The configuration dictionary currently has two keys - attrmap and format – whose values are dictionaries. The dictionary is used when converting each logging object to its snapshot representation. Each object, and each attribute of that object, is passed recursively through the conversion process. This process works roughly as follows:

  1. A dict instance is converted to another dict instance whose keys and values have passed through the conversion process.
  2. Instances of list and tuple are converted to a tuple instance whose elements are the converted source elements.
  3. Instances of int, float, and str are passed through unchanged. None is passed through unchanged. (If needed, this could also be applied to complex and decimal.Decimal types, but it seems unlikely these would be used in a logging configuration.)
  4. For instances, a qualified class name is computed from instance.__class__.__name__ and instance.__module__ (if present). This is used as the key to the attrmap and format configuration sub-dictionaries. The format dictionary is checked first – if the key is present, the value should be a callable which takes a single argument – the instance – and returns the representation. This is used, for example, to convert internal implementation class instances such as PercentStyle, StrFormatStyle and StringTemplateStyle (in Python 3.2 and later) to the strings '%', '{' and '$'. (The value for config['attrmap']['logging.PercentStyle'] is lambda x: '%'.) If the key is not present in format, then attrmap is checked for the key. If present, the value should be a space-separated list of attribute names to bring into the snapshot; if an attribute name starts with an underscore, you can represent this as e.g. _fmt:format, where the instance attribute in the logging object will be _fmt but the field name in the corresponding namedtuple will be format. (Field names in named tuples can’t start with an underscore.) All named tuple classes have the field name class_ included, which holds the class name of the type represented by the named tuple.

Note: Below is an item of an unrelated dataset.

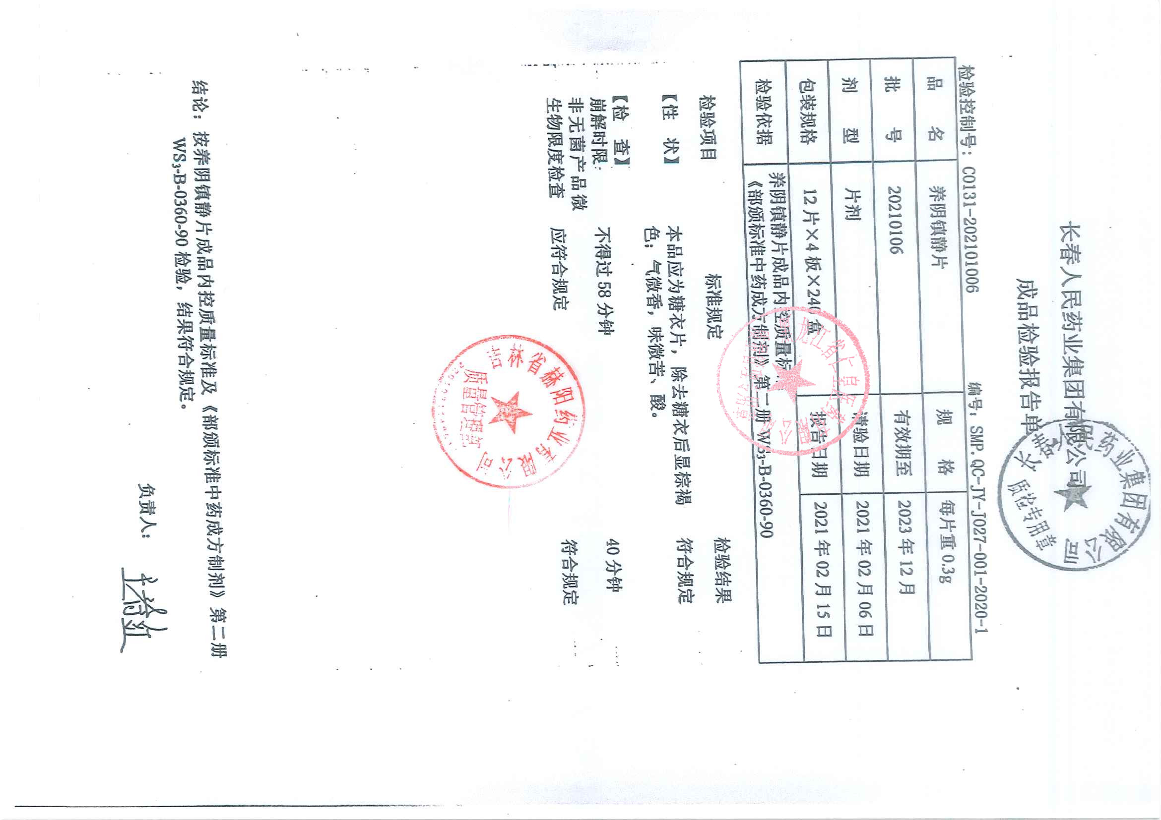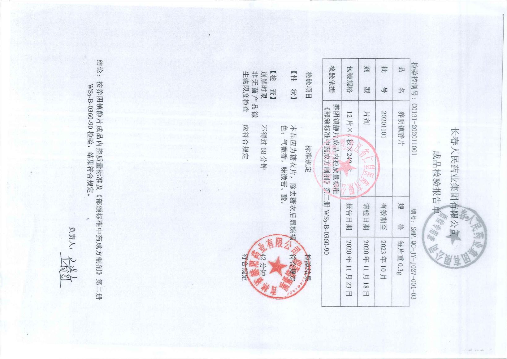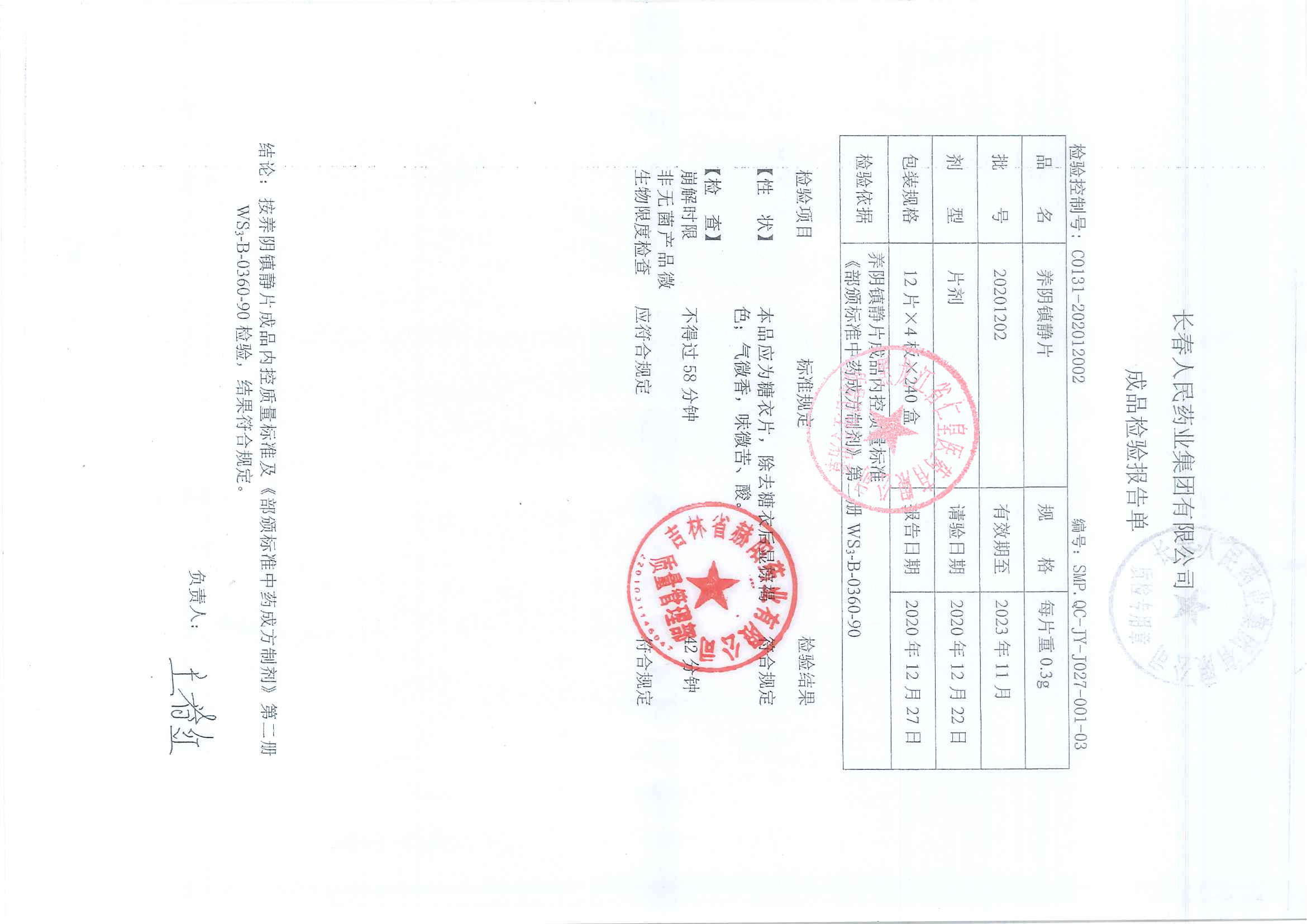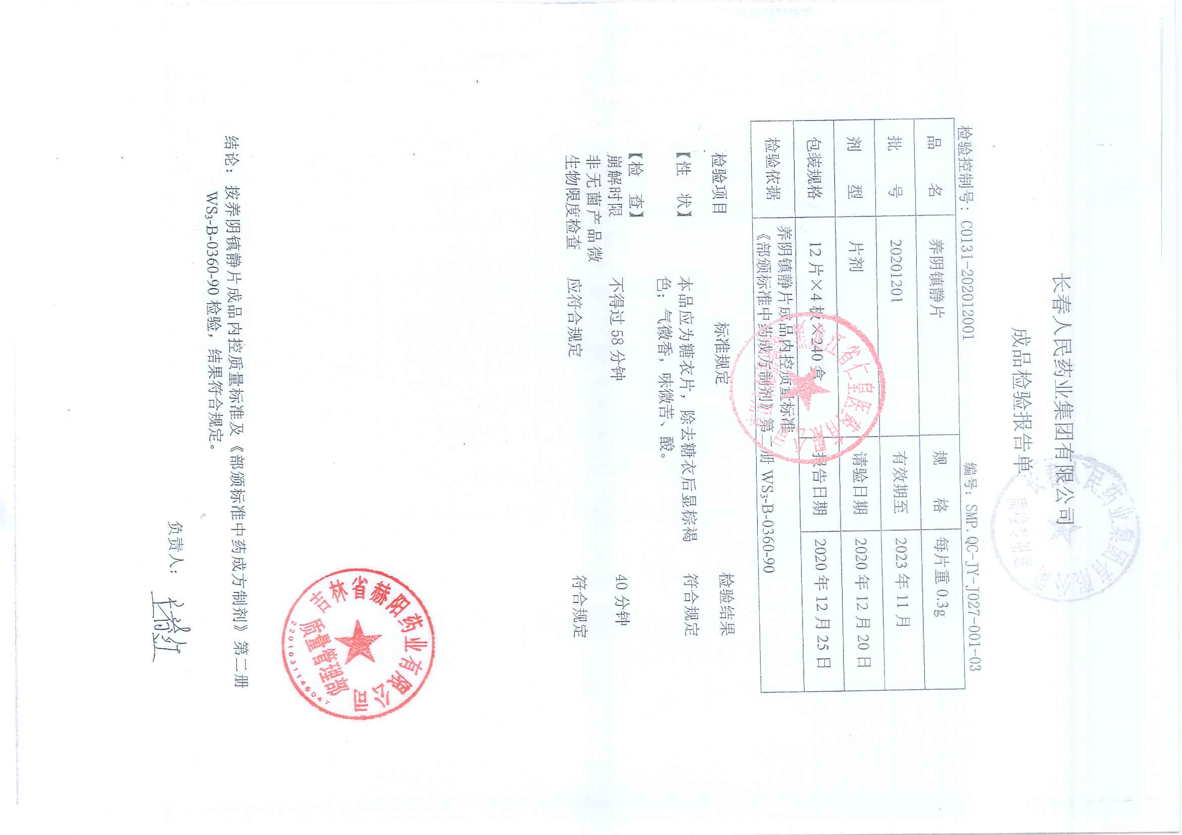 养阴镇静片20201

This arrangement allows user-defined handler classes, for example, to be easily accommodated by just adding corresponding entries in the configuration dictionary. A part of the default configuration dictionary is shown below:

DEFAULT_CONFIG = {
    'attrmap': {
        'TextIOWrapper': 'name mode encoding', # for Python 3.x
        'file': 'name mode encoding', # for Python 2.x
        'logging.Formatter': 'datefmt _fmt:format _style:style',
        'logging.Logger': 'disabled filters handlers level name '
                          'propagate children',
        'logging.StreamHandler': 'filters formatter level stream',
        'logging.FileHandler': 'filters formatter level '
            'baseFilename:filename mode encoding delay',
        'logging.handlers.SMTPHandler': 'filters formatter level mailhost '
            'mailport fromaddr toaddrs username password subject secure '
            'timeout',
    },
    'format': {
        'logging.PercentStyle': lambda x : '%',
        'logging.StrFormatStyle': lambda x : '{',
        'logging.StringTemplateStyle': lambda x : '$',
    },
}

Just as an exercise, I coded up an implementation of a presentation which echoes Brandon’s formatting. You can see these in this gist, which contains two files: logtree.py, which contains the introspection implementation, and lttest.py, a simple test which defines a logging configuration similar to Django’s default configuration and prints out representations using Brandon’s logging_tree and the logtree.py implementation. The differences between the representations are not especially significant, and relate to the representation of individual handlers:

SHGHFV~A

Comments are welcome on the approach used, the desirability (or otherwise) of adding the logtree.py functionality to the stdlib, or any other pertinent point.